AUDRE LORDE 1934-1992
Audre Lorde (born Audrey Geraldine Lorde), was an African American writer, feminist, lesbian, organizer, mother and civil rights activist.
Her poems and prose addressed human rights, Black feminist/queer perspectives, erotic and spiritual essence, women of color identities and intersectional liberation work. She articulated the interlocking nature of oppression systems, and their impact upon marginalized peoples like no one before her.
Audre was born February 18, 1934 in New York City. Beginning in the 60’s, her work was published in Black literary magazines and anthologies such as Langston Hughes’ 1962 New Negro Poets, USA. She published several volumes of poems including The First Cities, Cables To Rage and From A Land Where Other People Live, which was nominated for a National Book Award for poetry. Her 1976 work Coal garnered heightened attention within the Black Arts Movement distinguished for its intersectional framing of women’s identity. Among her most influential works was The Black Unicorn volume (1978) which explored holding multiple identities “I who am bound by my mirror / as well as my bed / see causes in color/ as well as sex”. The Cancer Journals (1980) explored insights drawn from her experiences living with breast cancer using passages from her diary. Her widely acclaimed Sister Outsider: Essays and Speeches (1984) included one of her most well-known essays “The Master’s Tools Will Never Dismantle the Master’s House”.

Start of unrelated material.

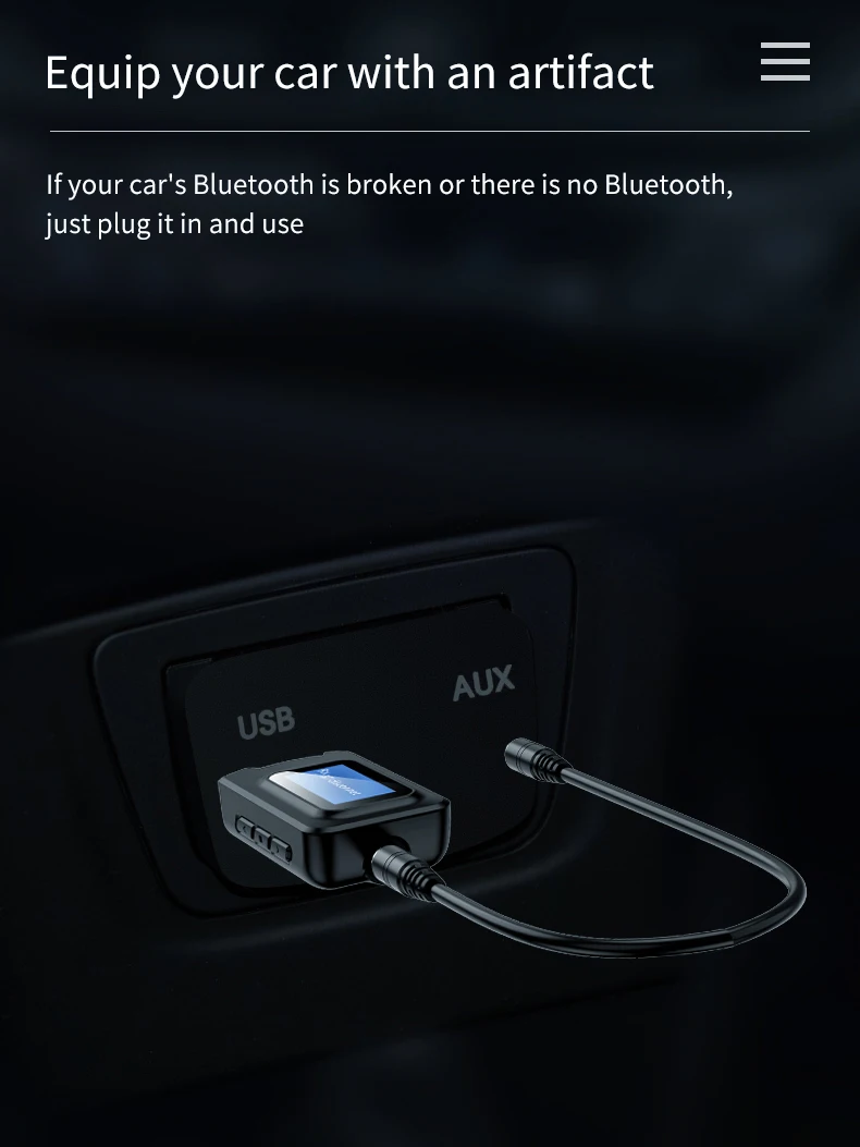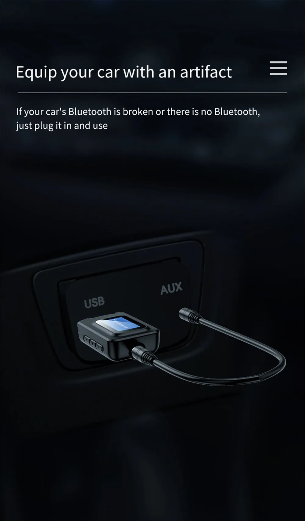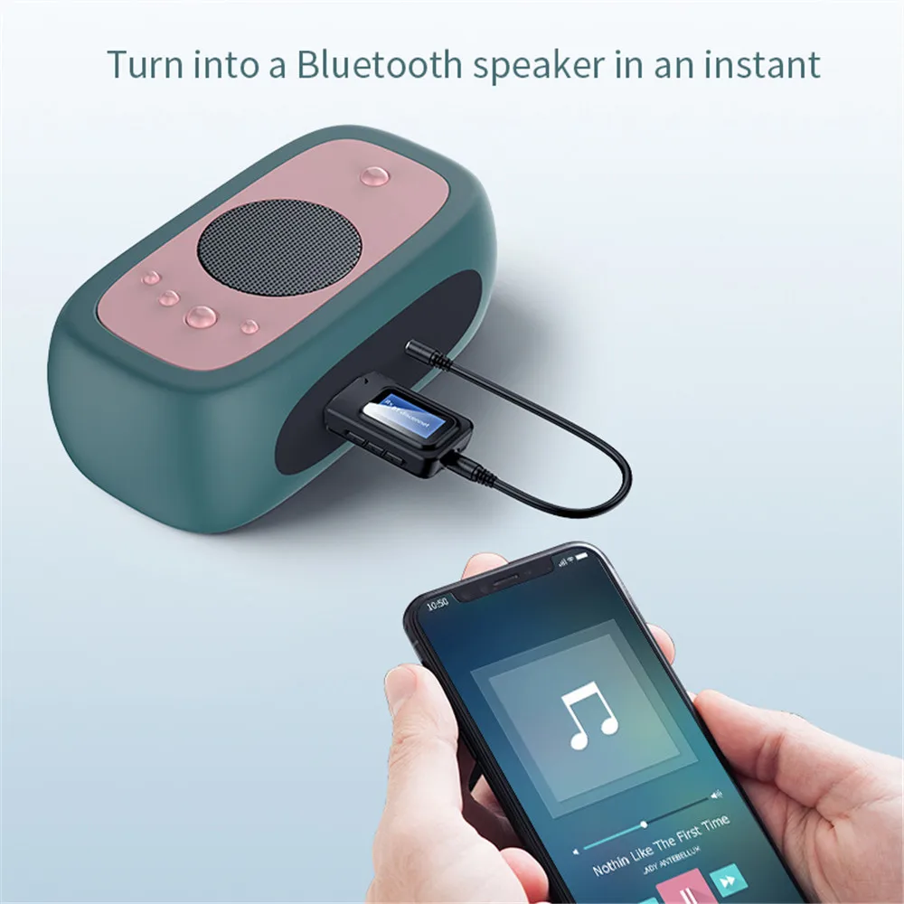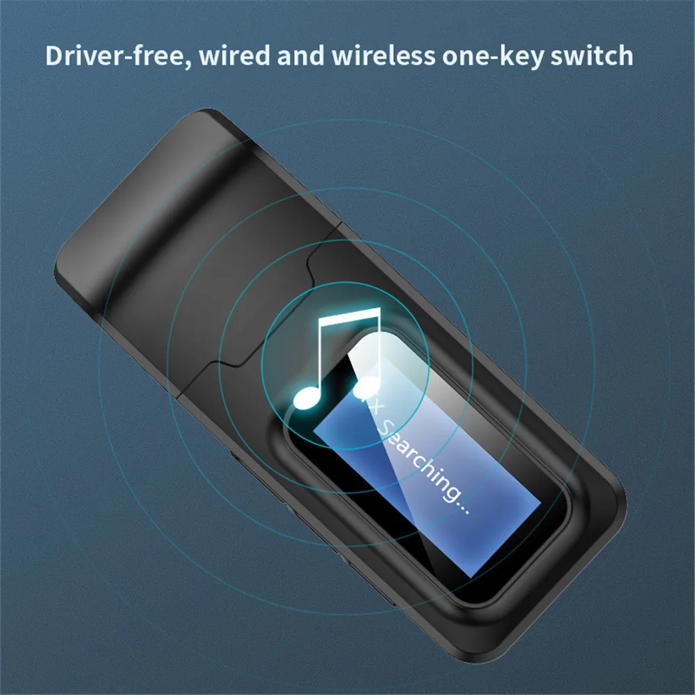 Comprar Adaptador USB con Bluetooth 5,0, receptor transmisor con pantalla LCD, Audio de 3,5mm, conector AUX, adaptador estéreo para auriculares, coche, PC, TV

In 1991, she became the poet laureate of the State of New York. Her last collection of poems, The Marvelous Arithmetics of Distance-Poems 1987-1992 was published in 1993. Shortly before her death, Audre Lorde took on the African name Gambda Adisa, which means “she who makes her meaning known”. She died November 17, 1992 in St. Croix, where she was living with Gloria T. Joseph.